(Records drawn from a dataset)
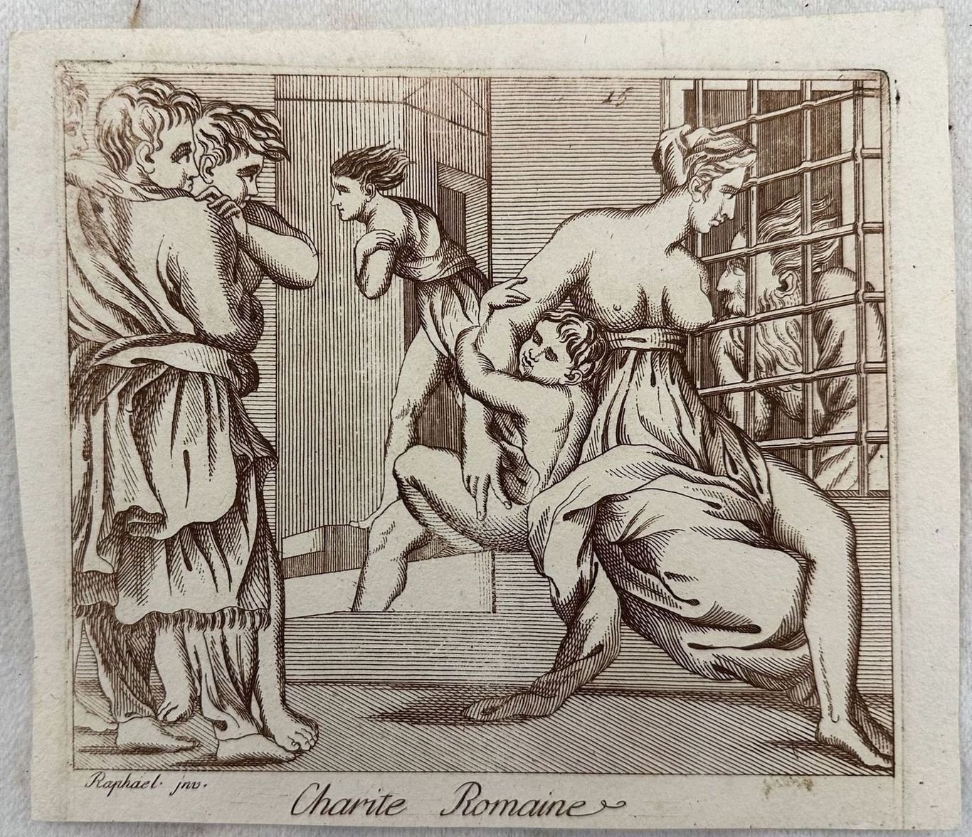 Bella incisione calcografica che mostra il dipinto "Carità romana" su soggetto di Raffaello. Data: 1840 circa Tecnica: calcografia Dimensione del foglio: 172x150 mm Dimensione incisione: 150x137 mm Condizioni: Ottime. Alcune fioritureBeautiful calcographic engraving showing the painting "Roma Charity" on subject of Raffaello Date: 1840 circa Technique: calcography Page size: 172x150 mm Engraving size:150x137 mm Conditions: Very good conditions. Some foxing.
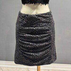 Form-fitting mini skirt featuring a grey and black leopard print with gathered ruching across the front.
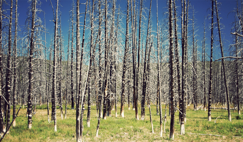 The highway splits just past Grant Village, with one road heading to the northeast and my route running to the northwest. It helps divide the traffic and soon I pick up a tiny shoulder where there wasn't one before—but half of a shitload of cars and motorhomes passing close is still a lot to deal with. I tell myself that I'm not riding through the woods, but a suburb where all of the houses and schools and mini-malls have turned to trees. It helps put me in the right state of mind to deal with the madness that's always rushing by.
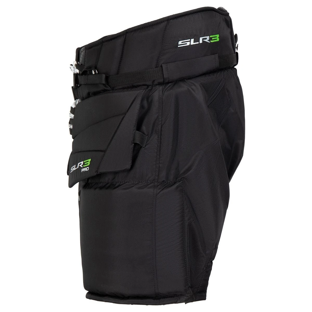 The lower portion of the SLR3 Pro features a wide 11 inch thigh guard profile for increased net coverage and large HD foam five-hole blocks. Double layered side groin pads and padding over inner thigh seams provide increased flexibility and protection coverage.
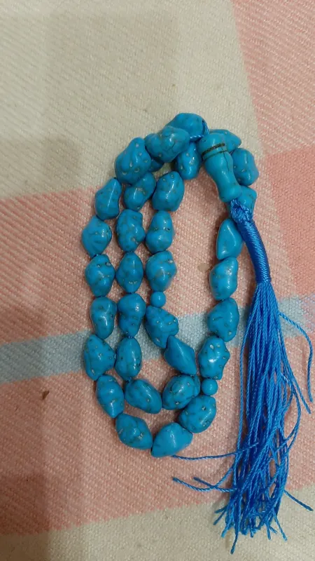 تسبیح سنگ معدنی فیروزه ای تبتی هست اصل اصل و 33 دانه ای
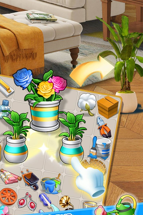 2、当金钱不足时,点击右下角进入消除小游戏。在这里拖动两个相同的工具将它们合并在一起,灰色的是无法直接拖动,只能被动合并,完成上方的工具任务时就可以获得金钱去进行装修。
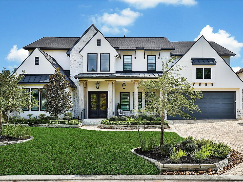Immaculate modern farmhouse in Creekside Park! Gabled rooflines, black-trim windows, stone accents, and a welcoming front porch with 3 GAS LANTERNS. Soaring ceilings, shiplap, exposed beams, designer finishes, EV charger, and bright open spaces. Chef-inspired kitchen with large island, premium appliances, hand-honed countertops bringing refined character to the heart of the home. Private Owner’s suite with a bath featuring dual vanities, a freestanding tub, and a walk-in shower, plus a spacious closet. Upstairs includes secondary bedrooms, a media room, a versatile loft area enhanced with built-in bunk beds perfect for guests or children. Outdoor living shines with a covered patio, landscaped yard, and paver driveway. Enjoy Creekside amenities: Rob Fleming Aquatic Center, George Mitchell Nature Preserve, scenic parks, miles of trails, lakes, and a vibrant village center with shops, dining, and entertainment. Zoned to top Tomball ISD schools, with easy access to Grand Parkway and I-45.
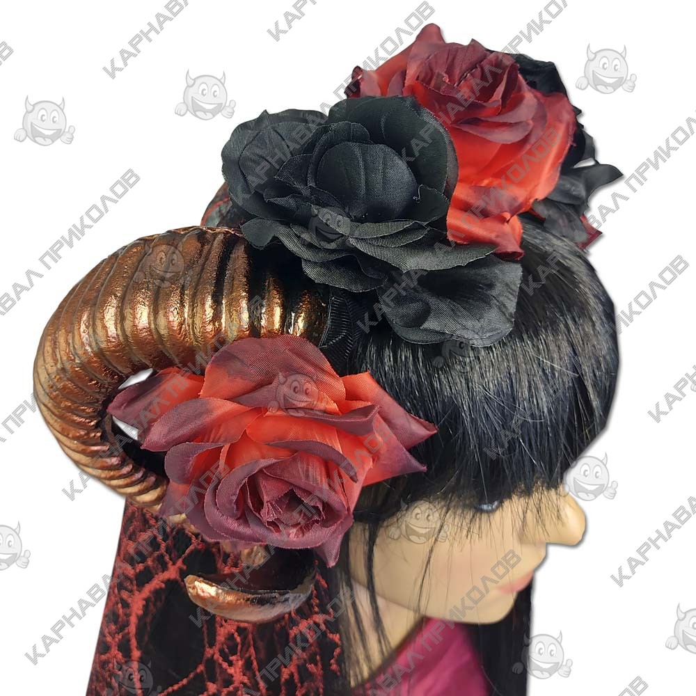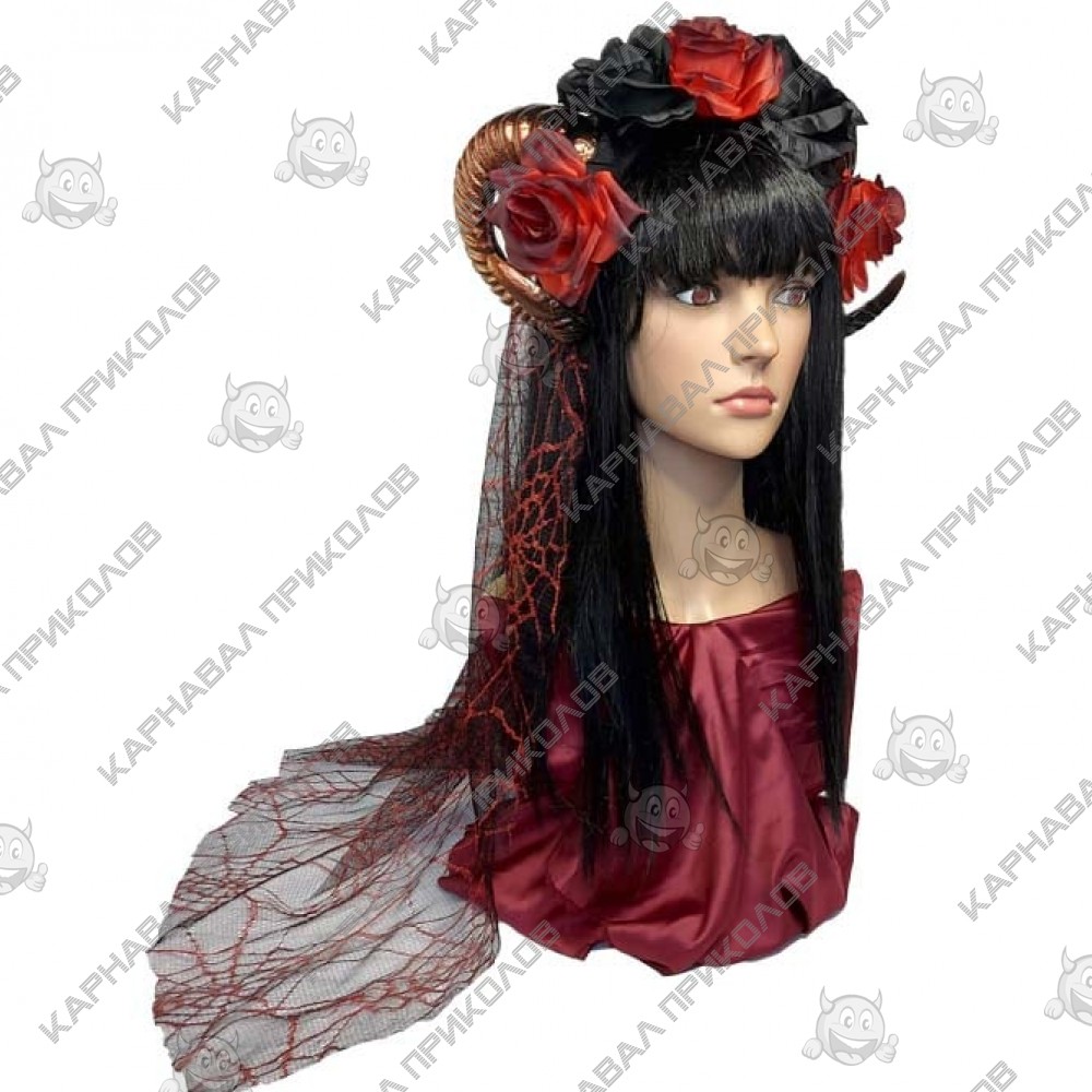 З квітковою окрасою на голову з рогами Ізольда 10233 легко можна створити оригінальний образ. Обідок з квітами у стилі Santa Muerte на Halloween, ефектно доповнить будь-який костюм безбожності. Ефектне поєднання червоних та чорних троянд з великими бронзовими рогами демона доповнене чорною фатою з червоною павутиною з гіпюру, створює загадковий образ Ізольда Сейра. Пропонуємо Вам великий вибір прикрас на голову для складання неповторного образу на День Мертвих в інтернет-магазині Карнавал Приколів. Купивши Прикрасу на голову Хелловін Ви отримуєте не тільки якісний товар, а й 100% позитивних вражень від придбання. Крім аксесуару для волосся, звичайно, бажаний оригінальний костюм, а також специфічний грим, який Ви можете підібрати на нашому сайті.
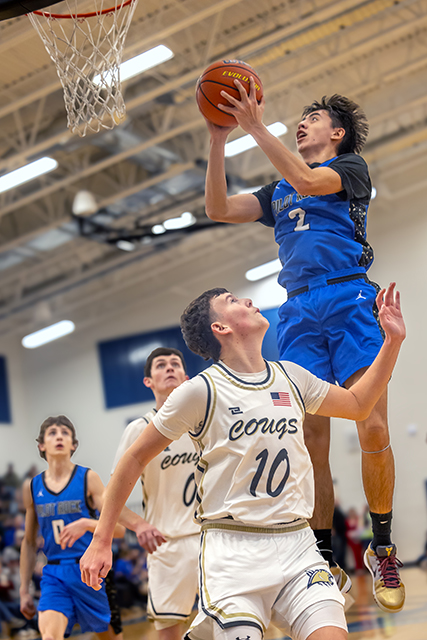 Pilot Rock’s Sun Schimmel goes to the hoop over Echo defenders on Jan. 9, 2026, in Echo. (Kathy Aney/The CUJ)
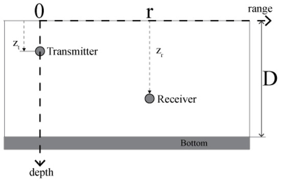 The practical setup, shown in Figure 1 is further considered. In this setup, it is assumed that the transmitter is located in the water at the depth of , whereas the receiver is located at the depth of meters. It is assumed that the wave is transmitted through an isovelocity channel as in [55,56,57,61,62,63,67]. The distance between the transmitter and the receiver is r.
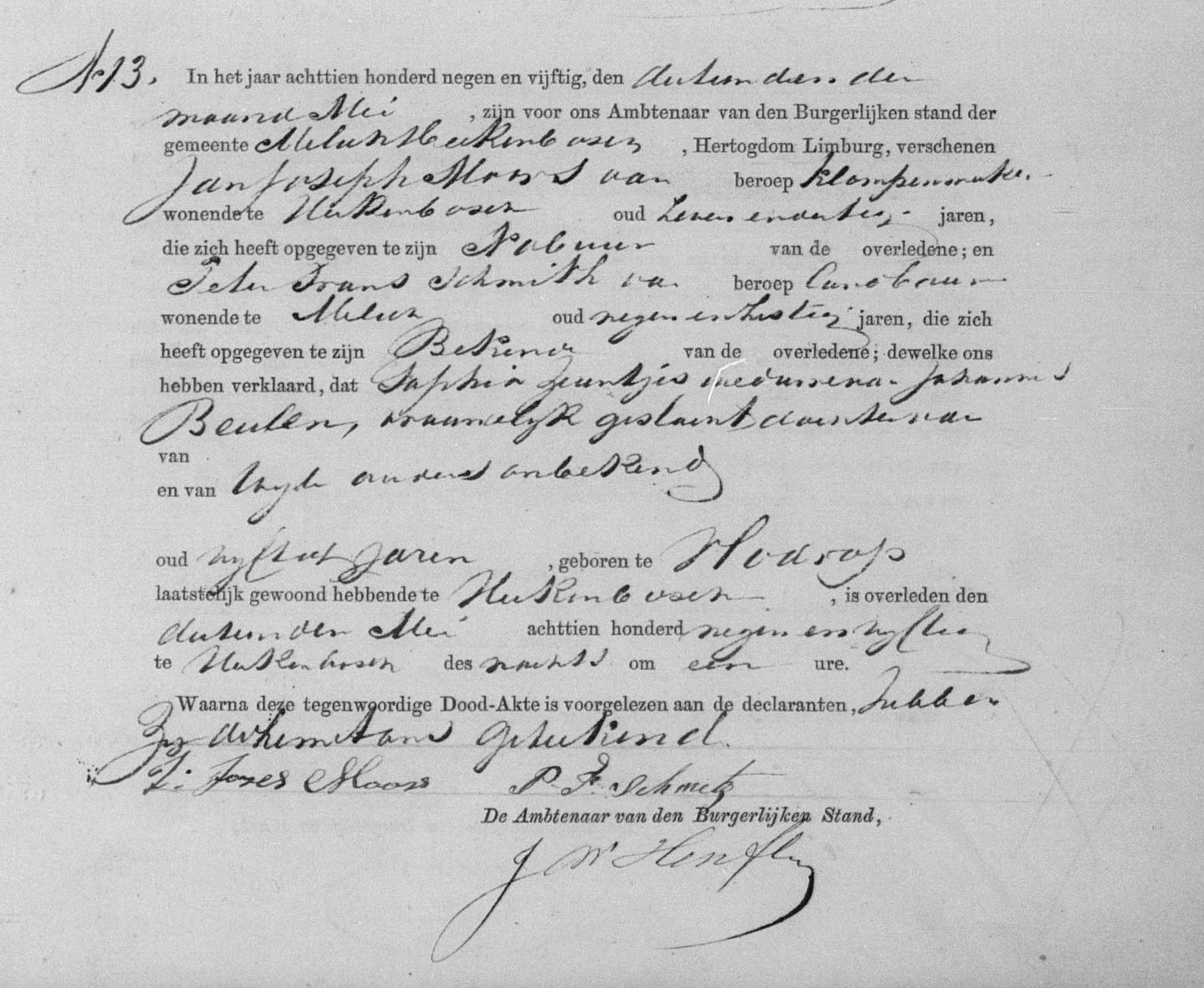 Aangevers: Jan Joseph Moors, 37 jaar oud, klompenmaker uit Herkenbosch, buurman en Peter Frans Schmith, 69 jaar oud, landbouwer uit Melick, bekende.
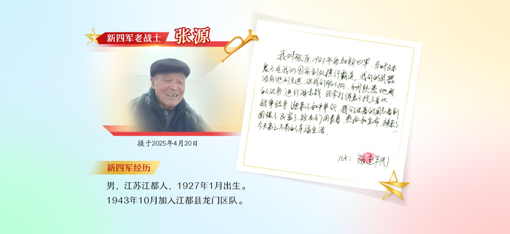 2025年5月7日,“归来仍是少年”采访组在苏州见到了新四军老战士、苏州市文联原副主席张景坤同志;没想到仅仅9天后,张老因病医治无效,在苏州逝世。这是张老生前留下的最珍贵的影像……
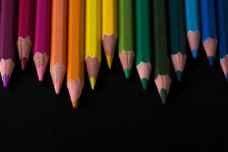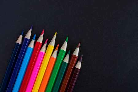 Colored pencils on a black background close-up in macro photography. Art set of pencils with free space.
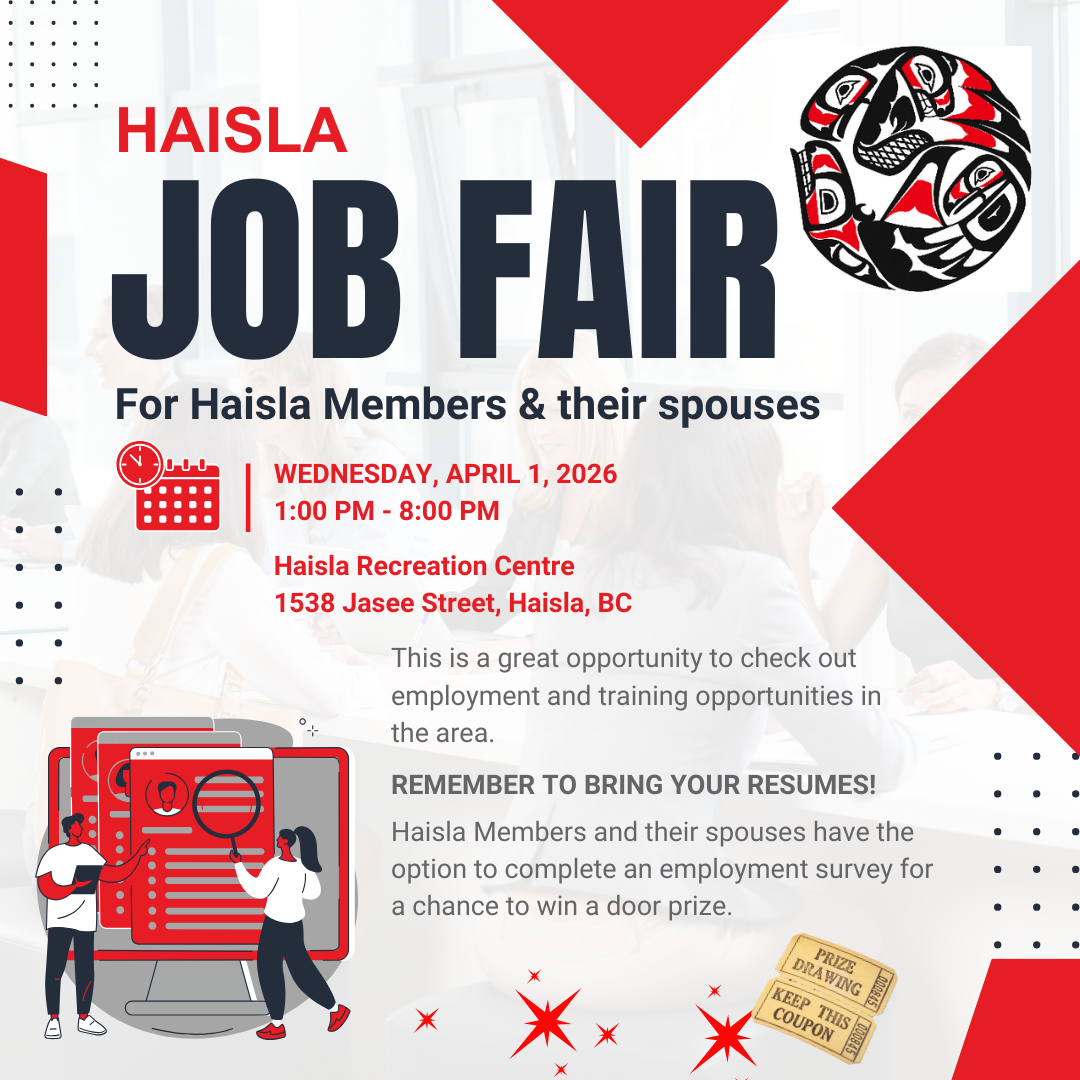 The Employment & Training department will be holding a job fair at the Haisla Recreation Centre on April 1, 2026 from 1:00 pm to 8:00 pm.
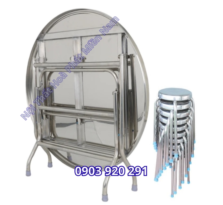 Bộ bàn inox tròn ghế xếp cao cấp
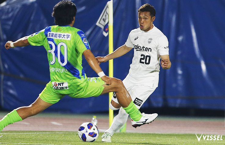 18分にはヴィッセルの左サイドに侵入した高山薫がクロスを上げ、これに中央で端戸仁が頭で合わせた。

● **Task description**
Every line from the one containing "Colored pencils on" through the end of the entries above is to be copied exactly; pictures are to be left out.

● **Result**
 Colored pencils on a black background close-up in macro photography. Art set of pencils with free space.
 The Employment & Training department will be holding a job fair at the Haisla Recreation Centre on April 1, 2026 from 1:00 pm to 8:00 pm.
 Bộ bàn inox tròn ghế xếp cao cấp
 18分にはヴィッセルの左サイドに侵入した高山薫がクロスを上げ、これに中央で端戸仁が頭で合わせた。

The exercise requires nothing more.